TASK ITEM –
Reproduce, from the lines below, exactly the stretch that begins at the line containing "EVERSANA LIFE SCIENCE" and ends at the line containing "Peitä filee sipulirenkailla", both included.

TASK INPUT –
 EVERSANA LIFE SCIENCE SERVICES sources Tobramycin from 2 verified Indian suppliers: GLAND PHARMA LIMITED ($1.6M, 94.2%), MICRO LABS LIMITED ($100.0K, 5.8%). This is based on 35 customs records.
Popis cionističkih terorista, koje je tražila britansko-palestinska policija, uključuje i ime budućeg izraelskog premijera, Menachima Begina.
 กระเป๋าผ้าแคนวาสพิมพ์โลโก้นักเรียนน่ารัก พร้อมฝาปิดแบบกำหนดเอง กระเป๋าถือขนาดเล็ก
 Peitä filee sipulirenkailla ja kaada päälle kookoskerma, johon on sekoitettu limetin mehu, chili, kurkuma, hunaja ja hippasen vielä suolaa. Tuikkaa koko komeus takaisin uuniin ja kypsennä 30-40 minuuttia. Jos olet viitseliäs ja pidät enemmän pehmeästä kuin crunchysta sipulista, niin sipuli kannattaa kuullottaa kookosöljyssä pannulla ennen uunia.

==

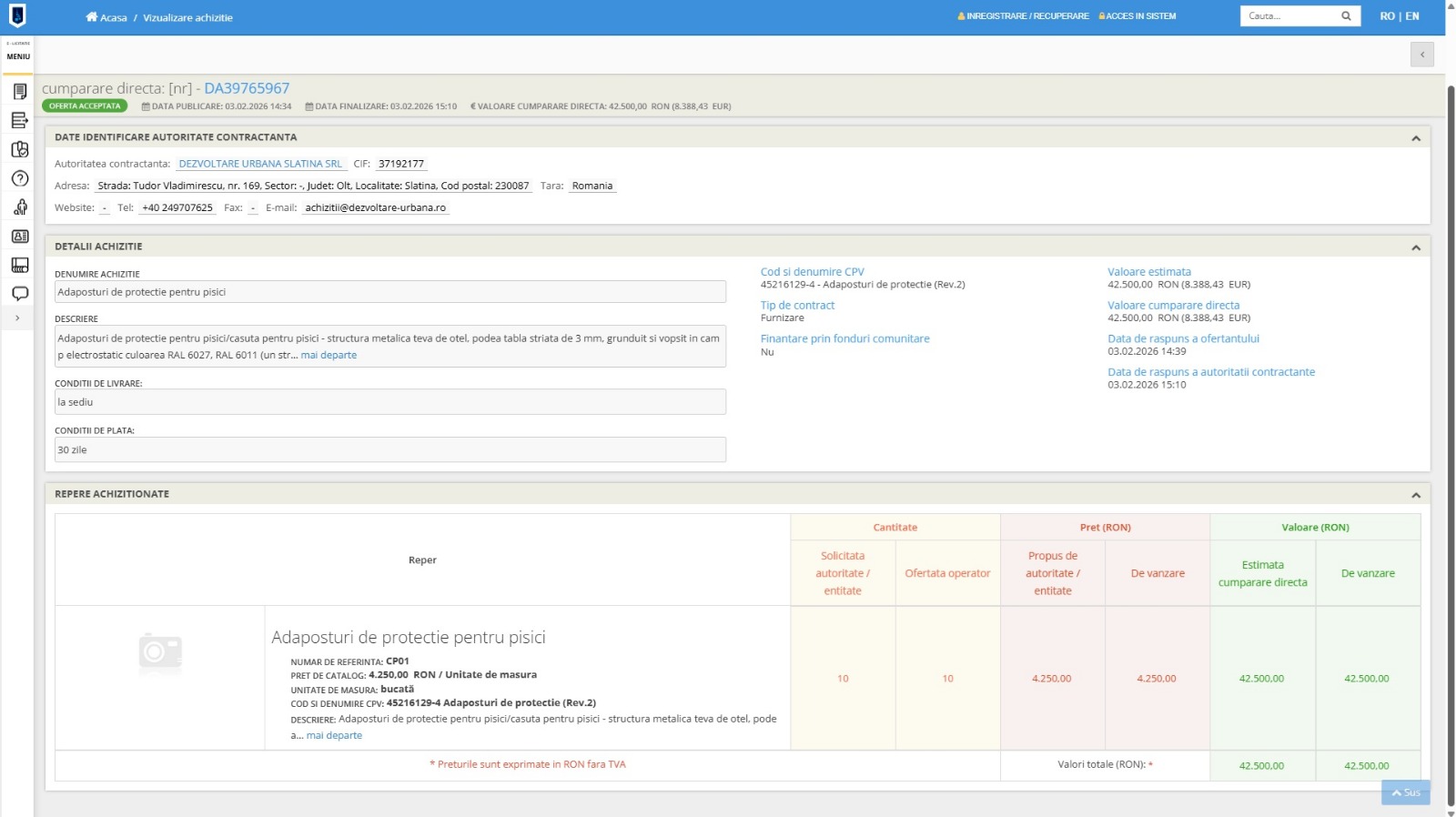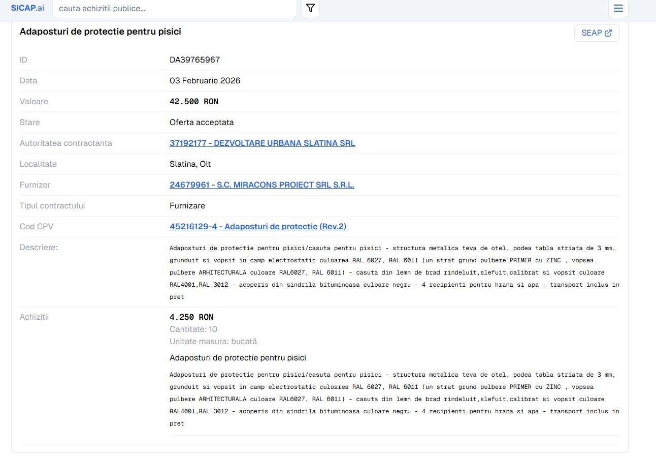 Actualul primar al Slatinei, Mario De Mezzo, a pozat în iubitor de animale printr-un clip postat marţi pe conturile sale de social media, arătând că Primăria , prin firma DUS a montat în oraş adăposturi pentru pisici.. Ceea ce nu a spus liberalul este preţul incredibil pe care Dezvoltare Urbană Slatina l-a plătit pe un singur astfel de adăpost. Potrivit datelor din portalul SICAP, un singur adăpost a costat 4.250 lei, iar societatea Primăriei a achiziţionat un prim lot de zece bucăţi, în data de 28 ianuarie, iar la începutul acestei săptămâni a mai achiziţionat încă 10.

ANSWER BOX –
 EVERSANA LIFE SCIENCE SERVICES sources Tobramycin from 2 verified Indian suppliers: GLAND PHARMA LIMITED ($1.6M, 94.2%), MICRO LABS LIMITED ($100.0K, 5.8%). This is based on 35 customs records.
Popis cionističkih terorista, koje je tražila britansko-palestinska policija, uključuje i ime budućeg izraelskog premijera, Menachima Begina.
 กระเป๋าผ้าแคนวาสพิมพ์โลโก้นักเรียนน่ารัก พร้อมฝาปิดแบบกำหนดเอง กระเป๋าถือขนาดเล็ก
 Peitä filee sipulirenkailla ja kaada päälle kookoskerma, johon on sekoitettu limetin mehu, chili, kurkuma, hunaja ja hippasen vielä suolaa. Tuikkaa koko komeus takaisin uuniin ja kypsennä 30-40 minuuttia. Jos olet viitseliäs ja pidät enemmän pehmeästä kuin crunchysta sipulista, niin sipuli kannattaa kuullottaa kookosöljyssä pannulla ennen uunia.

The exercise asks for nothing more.